If she had yarn, she would weave colors together to make a pattern. She lamented in barely audible burmese that the weaving was her only comfort in life but she had no yarn. I imagined the extreme predictabiliry and control involved in taking each string and putting it in its place. Making sense in an otherwise senseless world. I sat there aware that this was what extreme emotional pain looked like. Embodied. I arranged to have yarn sent to her. I did this because intelectually I knew it was the right thing to do. I however could not deeply empathise. At the time I had never experienced emotional pain that was anything more than a surface wound. 

For the past four months, I have become my own version of this rocking woman. I am aware that divorce and the pain of watching the man that I spent my whole life with starting a new life with someone else compares little to loosing your whole family. But for me this is the pinacle of my own personal emotional threshold. 

I am not lost to the jungle, not totally consumed by it and my own grief like this woman. I still go about my day. 
But last week while buying shampoo in the super market I suddenly felt seering pain in my chest and broke down with tears flowing freely. My ten year old son comforted me and said "let's just get home mom." 

The loss of my family as a whole complete unit, the loss of someone that knows me and loves me anyway, who accepts me after everything. This loss does impobilise me for long moments in my day. It stops me in my tracks. It inflicts real physical pain. It takes away my ability to breath. 
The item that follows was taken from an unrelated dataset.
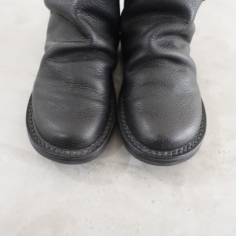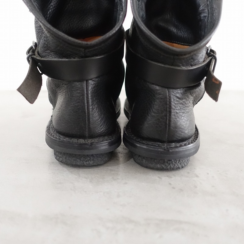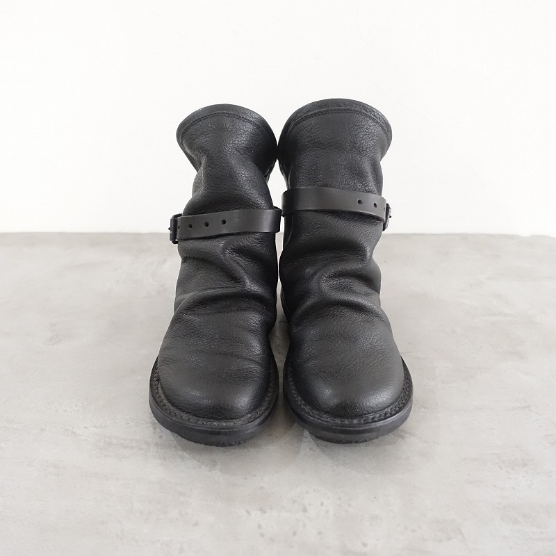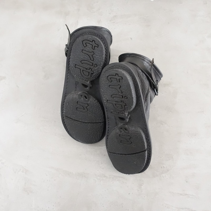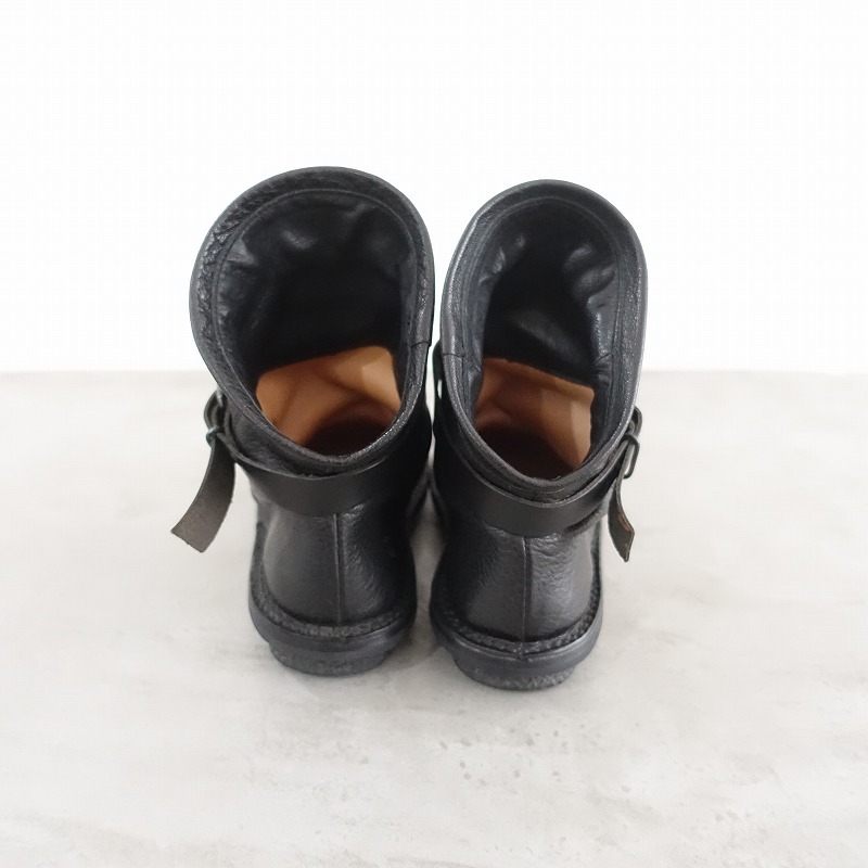 | trippenのレザーショートブーツ BOMBです。カラーはブラックで、レザー素材です。履き口が斜めにカットされたデザインで、折り曲げてアレンジして着用もできます。履き口にパイピングが施されており、履き口まわりにはベルトがあしらわれております。ベルトは7段階に調節が可能です。定価(メーカー希望小売価格)44,000円の商品です。 |

Four months have passed since I floated down that jungle river in Borneo crying uncontolbly as I sat company with fresh loss my broken family still in tow. Since then the tears and pain has been unquantifiable. Deeper and greater than I thought possible. After years of no emotion and no tears this grief feels like an infected pimple that burst letting out all of the built up puss of the past. In this way the pain hurts, but also has no choice but to come out. 

Grief is something that you can either let pass thru you or consume you. The burmese woman I met had long ago been consumed. Like a stone statue that had been overgrown she was lost to this grief.

I now have to find a way to let the grief go. Let it pass theu me. I have to find a way to not be lost in this grief stricken jungle. I have to walk out of the forest and look at the sunshine.